### Problem
If pictures appear, leave them out, and return exactly the lines from the one holding "Roman cu accente" through the last line of the listing below.

### Data segment
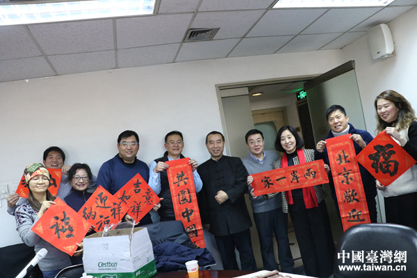 書法家向在京臺胞贈送春聯。(中國臺灣網 汪明珠 攝)
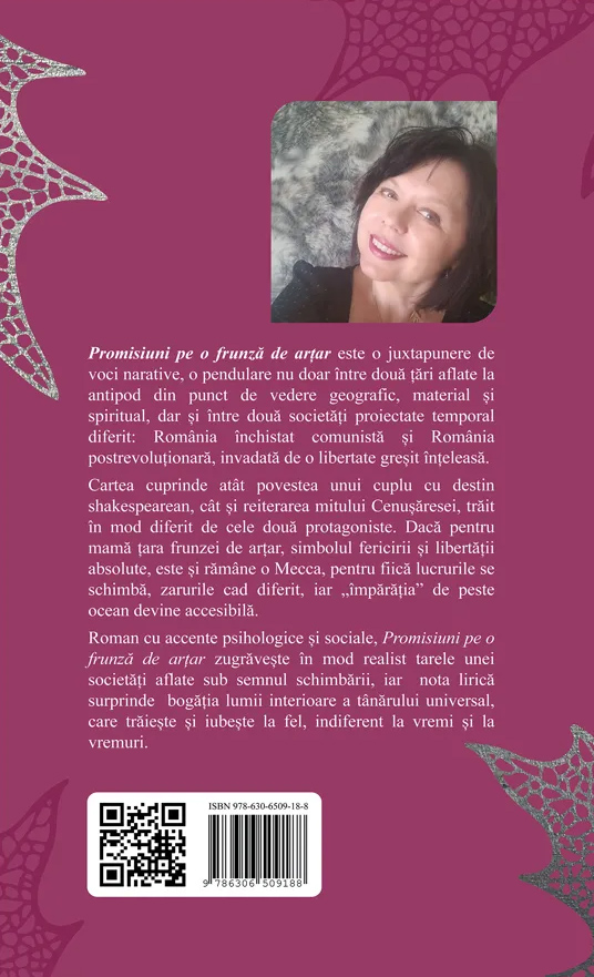 Roman cu accente psihologice și sociale, Promisiuni pe o frunză de arțar, zugrăvește în mod realist tarele unei societăți aflate sub semnul schimbării, iar nota lirică surprinde bogăția lumii interioare a tânărului universal, care trăiește și iubește la fel, indiferent la vremi și la vremuri.
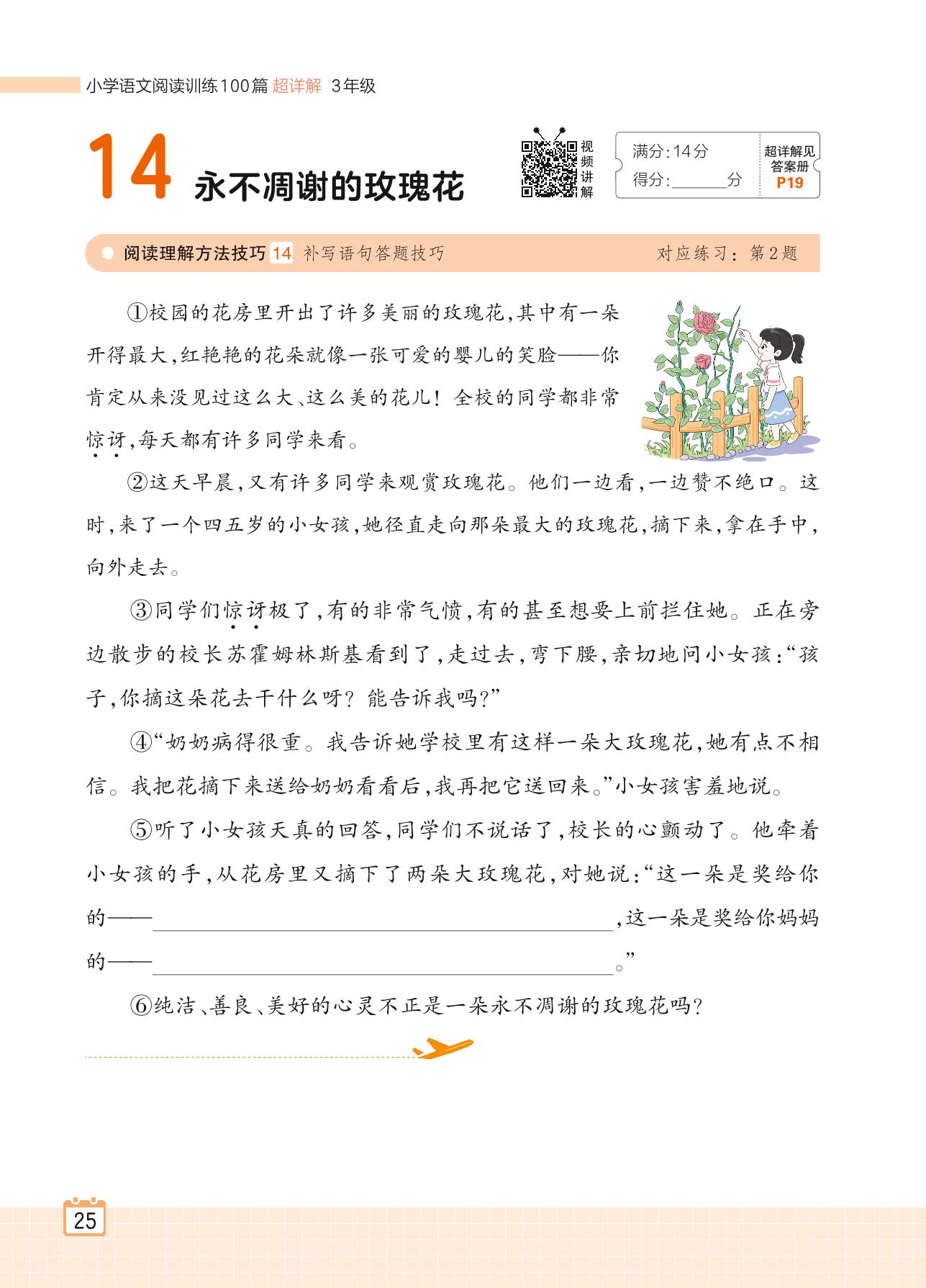 2024全一册三年级语文人教版 专题二 写事 14 永不凋谢的玫瑰花

### Response below
 Roman cu accente psihologice și sociale, Promisiuni pe o frunză de arțar, zugrăvește în mod realist tarele unei societăți aflate sub semnul schimbării, iar nota lirică surprinde bogăția lumii interioare a tânărului universal, care trăiește și iubește la fel, indiferent la vremi și la vremuri.
 2024全一册三年级语文人教版 专题二 写事 14 永不凋谢的玫瑰花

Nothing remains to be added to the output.